Adam stopped walking and absorbed the atmosphere. The trees grew closer and taller here than on the perimeter of the complex, almost blocking out the sunlight. It was cool in the shade and there was a dank, musty smell of rotting vegetation. Magdalena had been right. It was easier to picture what the complex had been like during Hitler’s reign here, where the forest cloaked the ghostly ruins.

‘If we walk past the old typists’ offices and post office, we’ll come to the bunkers constructed for individual members of the High Command.’

‘I’m beginning to understand why you think the knight could have been hidden here. It would take a flame thrower to shift some of this undergrowth.’

‘An entrance to a tunnel could easily be missed.’

‘Even if it does exist, what makes you think we stand a chance of finding it in three days, when it’s lain undiscovered for fifty years?’

‘Because whoever took those photographs of the knight must have left evidence of recent entry.’

‘And if they removed the knight?’

‘Why would they risk doing that before they have to? Where are they going to find a more secure hiding place than this?’

‘I hope you’re right. So, where do we start looking?’

‘The bunkers. If a passage has been opened up from any of them, there’ll be marks.’

‘We’ve just passed –’ he checked the plan, ‘ten bunkers and buildings.’

‘All near the main gate. Not a good place to hide the entrance to a secret tunnel. If there is one, it’s my guess it will be further in. Close to the Fuhrer bunker and the railway line.’

As they penetrated deeper into the complex, Magdalena’s trained eye missed nothing. She drew his attention to the remnants of barbed wire nailed high on the trees, wires that had originally been fastened a metre above the ground.

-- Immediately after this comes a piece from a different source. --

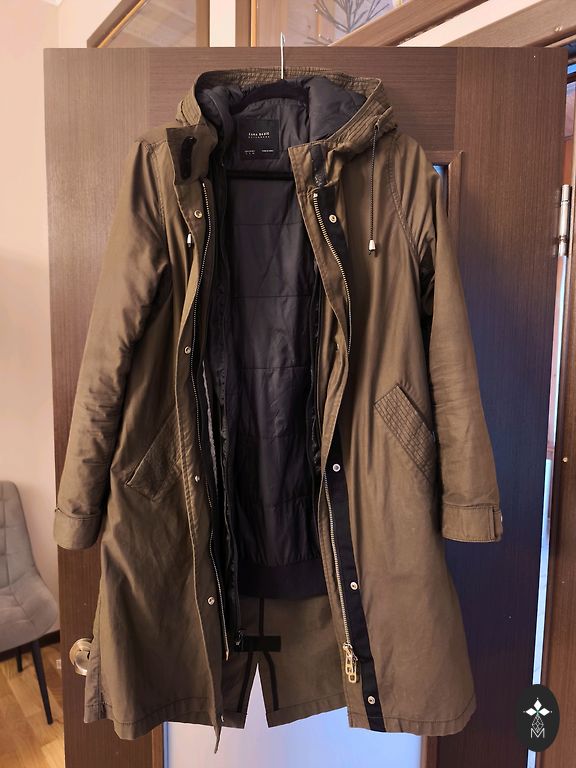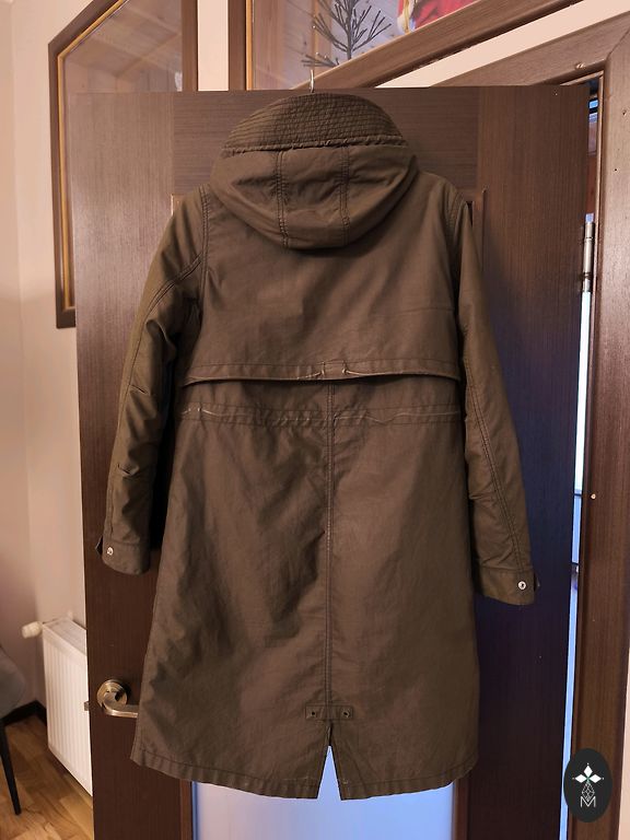 Pečiai 50 cm, krūtinė 110 cm, rankos ilgis nuo peties 68 cm, pilnas ilgis nugaroje 76 cm, priekyje 72 cm.

Enormous slabs of concrete, four and a half metres thick and six metres high, lay at alarming angles on the site of the former Fuhrer bunker, strands of steel reinforcing splaying out from the great masses, like the spindly legs of upturned beetles.

They crawled over concrete surfaces patterned to resemble grass and peered into moss and lichen encrusted cracks. Adam ran his torchlight over stalactites that grew down from the damp, mouldering ceilings of blacked out narrow tunnels, and delved into underground passages that traversed remarkably intact buildings. He followed Magdalena past signs warning people to stay out of the bunkers as she climbed steel rungs sunk into the concrete sides of the buildings and onto rooftops that had served as placements for anti-aircraft gun batteries or, more bizarrely, cultivated gardens.

They stepped over odd remnants of domesticity; bulky heating radiators, all but the top few inches embedded in the earth, and smashed concrete tubes that had once held the wires for the internal and external telephone systems. As they walked through the forest littered with one vast concrete ruin after another, Magdalena told him all she could remember of the internal layout of the bunkers. When her memory failed, she referred to the notebooks in her bag. And, all the while they explored, they examined the area around every step they took for signs of recent disturbance of earth, undergrowth or concrete.

‘Present for you.’ Adam presented her with a small posy of delicate purple flowers.

‘Vandal.’

‘They’d be dead tomorrow,’ he assured her.

‘How do you know? They might have continued to bloom and give pleasure to other visitors.’

‘I’m starving.’

‘You should have eaten more at breakfast.’

‘I didn’t like the company. This looks like a good place to take a break.’ He sat down and leaned against a tree. ‘Is this the boundary of the inner fence ring?’ He pointed to a clearing in front of them that was bisected by railway tracks.

‘It is.’ She sat alongside him and pulled the insect spray out of her bag.

‘Is the railway still in use?’

‘I doubt it.’

‘It’s occurred to me that if the Amber Knight is here, there’s no way anyone could come in and fish it out without the staff noticing. All we have to do is ask.’

‘No excavations, investigations, or research has been carried out here for the last four years.’

‘So no one can come in without the authorities knowing?’

‘If you have a four-wheel-drive vehicle you can leave the road and drive across country. Hitler’s fences weren’t replaced.’

‘No security?’

‘None worth speaking of. Come on, rest over.’

‘Slave driver.’ He followed her across the railway track. She led him into a building on the other side that was little more than a shell, its doors and windows blown out by Hitler’s engineers.

‘Air Force High Command Office. Behind is the cemetery.’

He walked across the concrete floor to the holes where the windows had been. ‘No headstones?’ he commented as he looked out over the expanse of uneven ground.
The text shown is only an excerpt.